What are the key terms of CERO’s new convertible note?

The note bears 10% annual interest, matures on April 9, 2027, and is convertible into common stock at the lesser of $0.05 per share or 80% of the average of the five lowest intraday trading prices over the prior 20 trading days.

How much stock can be issued under CERO’s convertible note?

The note permits conversion of principal and interest into common stock, with a price based on the lower of $0.05 or a variable market-based formula. A 4.99% beneficial ownership limitation prevents the lender from holding more than that percentage at any time through conversions.
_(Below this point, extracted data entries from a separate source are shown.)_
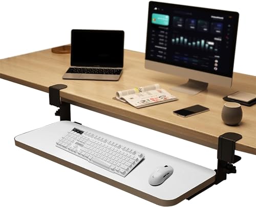 IXMLDAXD Le Clavier, Support de Clavier et Souris d'ordinateur, étagère coulissante à Pince for, Facile Installer, Ergonomique for soulager la Fatigue Musculaire(White,65x25cm(26x10Inch))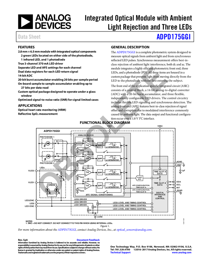 ADPD175GGI Integrated Optical Module with Ambient Light Rejection and Three LEDs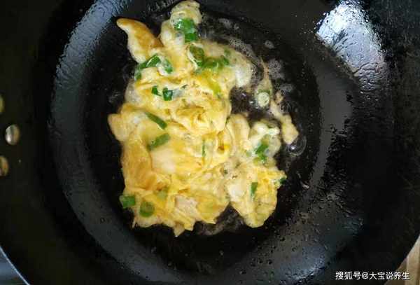 3、炸好后加入生抽、五香粉和盐翻炒几下,放入煎好的鸡蛋;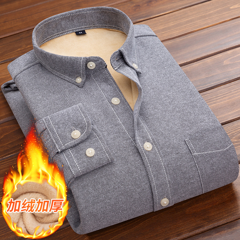 シルクのオックスフォードの冬のシャツの男性のベルベットの厚いビジネスカジュアルな純色のシャツの男性の青年の長袖のインナー
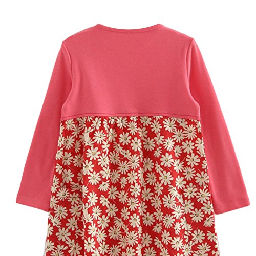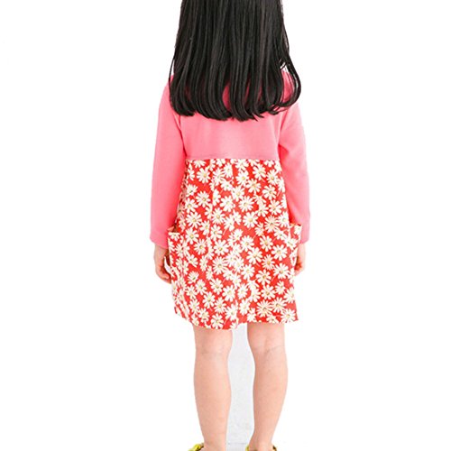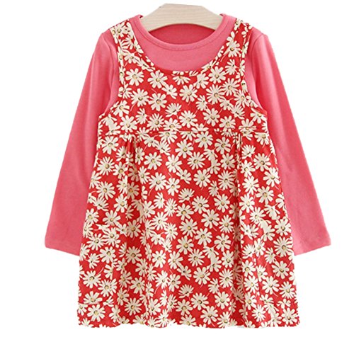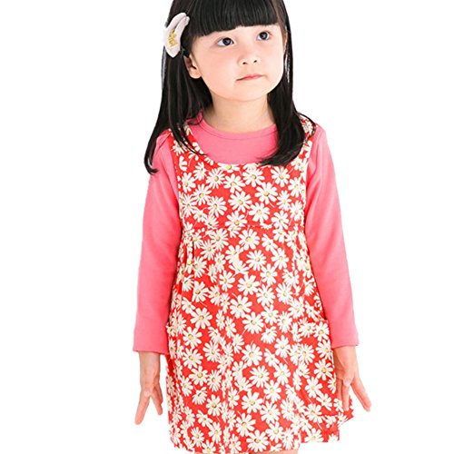 ガールズ ドレス ワンピース 長袖 スカート 子供服 洋服 キッズ 女の子 偽二点セット 春 秋 花柄 可愛い (ピンク, 110)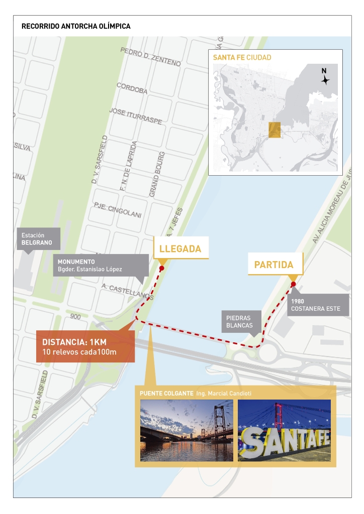 Deportistas, personalidades de la cultura y de la comunidad de la Ciudad serán los encargados de portar la llama olímpica desde la Costanera Este, cruzarán el Puente Colgante -uno de los máximos íconos de la capital provincial- y llegarán al Monumento del Brigadier Estanislao López, emplazado en la Costanera Oeste. El evento será el 11 de agosto a las 17 y culminará con un espectáculo musical para disfrutar en familia.
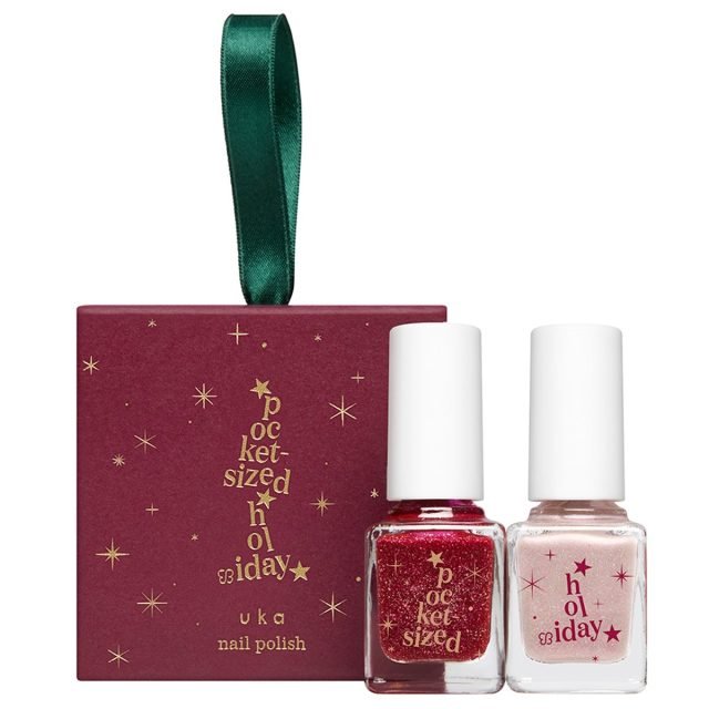 ツリーに見立てた<pocket-sized holiday>のロゴをまとった、ミニサイズのネイルポリッシュをセットにして、赤とグリーンを基調にしたオーナメントボックスにイン。微細なゴールドラメを散りばめた艶やかで情熱的な赤のネイルカラー「ガーネット」と、偏光パールが上品に輝く淡いピンクベージュのカラーベースコート「オパール」はどちらもフランキンセンス、バニラ、オレンジ、シナモンをブレンドした、甘く温かみのある香りです。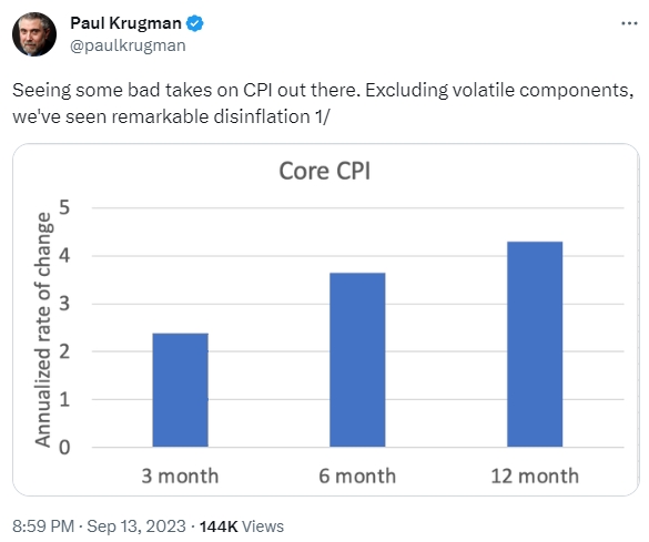 这一事态发展促使市场分析师倾向于预期,美联储将在即将举行的会议上选择加息。在美国劳工统计局发布报告后,克鲁格曼感到有必要发表自己的看法,就他所认为的“对CPI的不良看法”提出个人见解。他强调,如果美国排除“波动性成分”,就会看到显着的通货紧缩。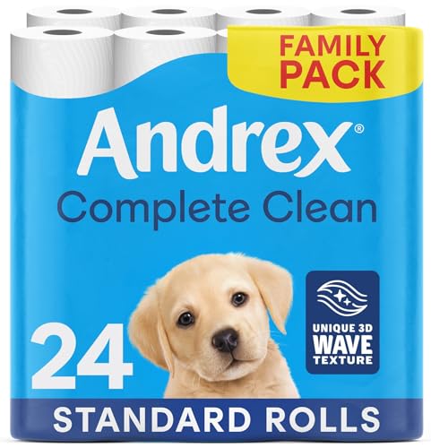Andrex Complete Clean Toilet Roll 24 Rolls (Previously Andrex Classic Clean Toilet Tissue) Unbeatable Toilet Paper with Unique 3D Wave, FSC Certified

How will the shares from CERO’s convertible note be registered?

CERO agreed to file a registration statement on Form S-1 or S-3 with the SEC. This registration will cover the resale of all common shares issuable upon conversion of the note, enabling the lender to publicly resell those shares once effective.

Under what securities law exemptions was CERO’s note issued?

The note was issued as a private placement relying on Section 4(a)(2) of the Securities Act and Rule 506(b). The lender is an accredited investor, there was no general solicitation, and the transaction did not involve a public offering of the securities.

Who is the lender in CERO’s new financing arrangement?

The lender is Keystone Capital Partners, LLC. This entity purchased the convertible promissory note from CERO, providing $350,000 initially and making available up to an aggregate $1,000,000 in borrowing capacity under the terms of the note.